The background of each NCBI id is the number of samples it appears. Respectively, the background of each metadatum term is the abundance of samples it has been found. Evidence, on the other hand, refers to a specific association of a NCBI id with a specific metadatum term id. More specifically, evidence is the abundance of samples that these specific terms co-occur. Using terminology from set theory, evidence is the intersection of samples of NCBI ids with the samples with metadata ids.

Distributions

We downloaded ~60000 samples from MGnify which contain 3391 NCBI ids. From these ids the 1081 belong to genera and the 1790 belong to species. Regarding metadata, the tagger assigned 442 different terms to samples. Using samples as the medium, we found 365997 associations of NCBI ids with metadata. From these associations, the ~130000 are species-level and more specifically the 124583 are bacterial.

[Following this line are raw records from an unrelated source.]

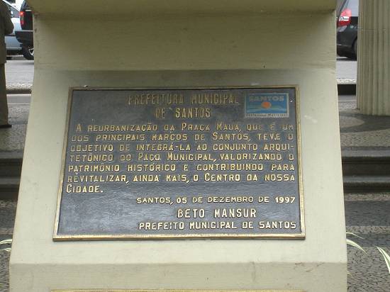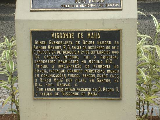 Em 1997, durante a reurbanização da Praça Mauá, foi erigido este monumento em homenagem a Irineu Evangelista de Souza, cujo título dá nome à praça, e que foi um dos principais responsáveis pela criação da ferrovia que liga Santos à capital paulista. Estas imagens são de 2007: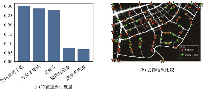 考虑到基于融合规则判别的真伪交叉口(图 4(a))分布均匀且代表性强,本文随机将真伪交叉口60%作为训练样本,40%作为验证样本。首先利用训练样本,基于随机森林分类器对上述特征进行重要性度量,如图 5(a)所示,优先选择重要性分值最高的3个特征fΔ、fH和fC;然后对fΔ、fH和fC随机组合进行训练,得到各组合训练的模型;利用验证样本,基于各组合训练的模型,得到各特征子集识别准确率,最终选择识别率最高组合(fΔ、fH、fC)训练的模型对待定交叉口进行零样本监督式去伪。与仅考虑交叉口非线性特征的主成分分析去伪方法相比,该方法既较大程度保留了真交叉口(图 5(b)),又剔除了大量伪交叉口,有效解决了监督分类需要标注及单特征识别精度不高等问题。为保证分类模型计算速度及精度,所有特征均进行了min-max标准化处理。
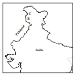 Match the issues with the areas marked in the map as A, B and C and select the correct answer using the code given below :-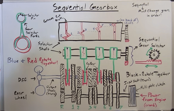 Here is a schematic diagram of the operation of the Sequential gearbox:

Sample size in terms of NCBI ids and metadata ids

The size of samples with NCBI ids spans 3 orders of magnitude. There is a peak of 390 samples with 94 NCBI ids. Fifty percent of the samples have less than 500 NCBI ids.

Association score

The score of Lars for MGnify uses the background of terms to normalize the intersection of the associations. The plot of the number of associations against the score value shows a very dense area until score=5 (mean=4.5, median=2.5 and 3rd quantile=5.2) with a maximum of ~100. Also in cases where the background of metadata is 1 the score is 2 which is very high. Statistically it would be preferable to spread the score distribution across it's range of values, reduce oversampling and undersampling biases.

For these reasons we implemented a different score, mutual information (MI). MI is a measure of the dependence between the two random variables and is insensitive to the size of the data sets. In addition, MI is zero if and only if the two random variables are strictly independent (Mutual Information between Discrete and Continuous Data Sets).

The distribution of MI is more spread across associations compared with the previous score. Is it more relevant? This is the next thing to explore.